Last updated: $Id: api.html,v 1.3 1999/03/18 09:07:54 daniel.brickley%bristol.ac.uk Exp $

This Document

The document is a high level overview about the RDF code in Navigator. You need to understand the material in this document before hacking the Navigator RDF code in ns/modules/rdf/.

If all you want to do is use the RDF C Apis for your own application, you don't need to understand everything given here, but it might be a good idea anyway.

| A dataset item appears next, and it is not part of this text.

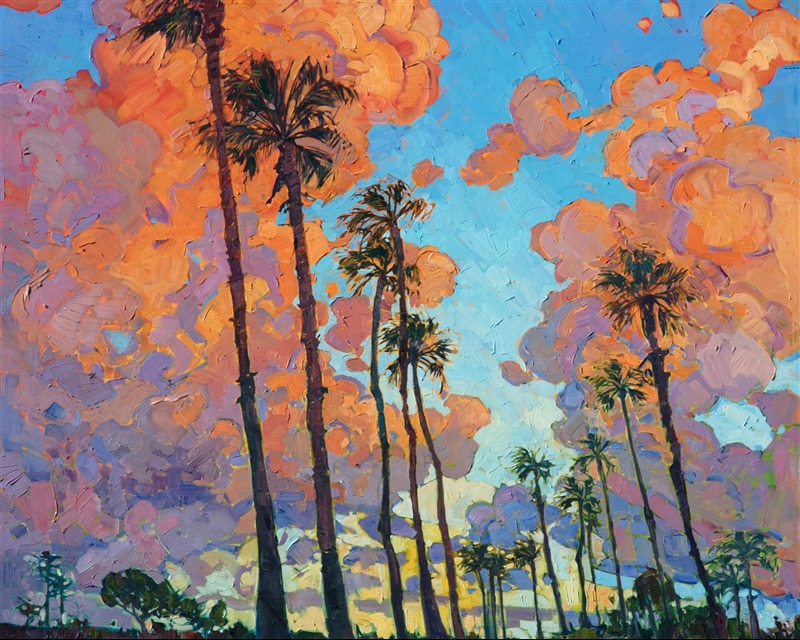 Note on varnishing: Erin’s paintings take six to eight weeks to dry, at which time we apply a retouching varnish, which allows the painting to complete the curing process while having a layer of protection against dirt and scuffs. The full curing process for an impasto oil painting takes at least two years. We are happy to assist in applying a final finishing varnish to your Erin Hanson oil painting once it has been dry for at least two years. Here is more information on how to care for your original oil painting.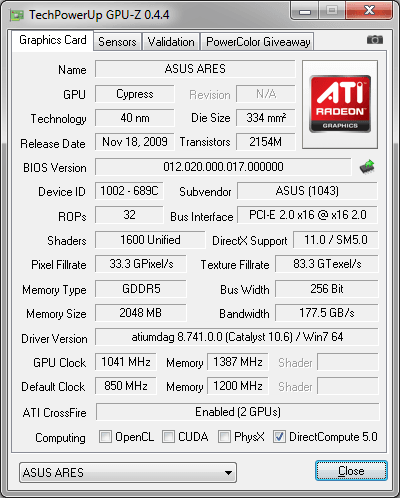 Bei deiner Auflösung kannst Du auf die 2GB getrost verzichten.Naja...aber das einzige, was wirklich interessant ist, das sind die 2GB pro GPU...ansonsten hier mal meine 5970er:

If you are looking for material on how RDF is used in Navigator or on Aurora, look here.

The Basic Idea

We have a lot of different pieces of structured data --- bookmarks, history, file systems, document structures, sitemaps, etc. The creation/access/manipulation code for these are completely independent. So, each of them has its own storage system, editing and viewing tools, query and manipulation APIs, etc. There is a substantial lost opportunity here. There is considerable overlap in the data model used by all these different structures. All these structures are instances of directed labeled graphs. So, the basic idea behind RDF is : if you can manifest yourself via the RDF data model (which is built upon directed labeled graphs), there is a marketplace of services that you can utilize. Some of these services include,

Viewers and Editors for these structures.
Persistent Storage
Query Mechanisms
Inferential services such as type checking and inheritance.
Compositing, i.e., the ability to provide merged views of multiple graphs. Uses of this are described later.
Serialization and transmission via the RDF-XML format.
and many other services that we haven't yet thought about ...

Another way of looking at it is as follows: Just as COM/beans/... allows pieces of code to work together because they manifest a common object model, RDF tries to do the same thing for data and the common data model is built upon that of directed labeled graphs.

What is RDF

There are a couple very different things meant by the term RDF.

RDF as a data model / data abstraction layer / query language. Directed Labeled Graphs (DLG) are a very general mechanism for representing things. Naturally, it turns out that you can model a wide range of information as a DLG. It doesn't matter how the information is stored on disk or transmitted over the wire --- if it can be modeled as a DLG, we can make it queriable as a DLG.
RDF as a file format using XML. It would be nice to have a canonical file format to ship snippets of RDF across the wire. This is the RDF File format.

Nodes in RDF DLGs are Resources in the sense of URIs. This means that you can get two different graphs from different sources that reference some of the same nodes. You can superpose the two graphs (making sure that the common nodes are properly aligned) and you have just aggregated the information from the two sources.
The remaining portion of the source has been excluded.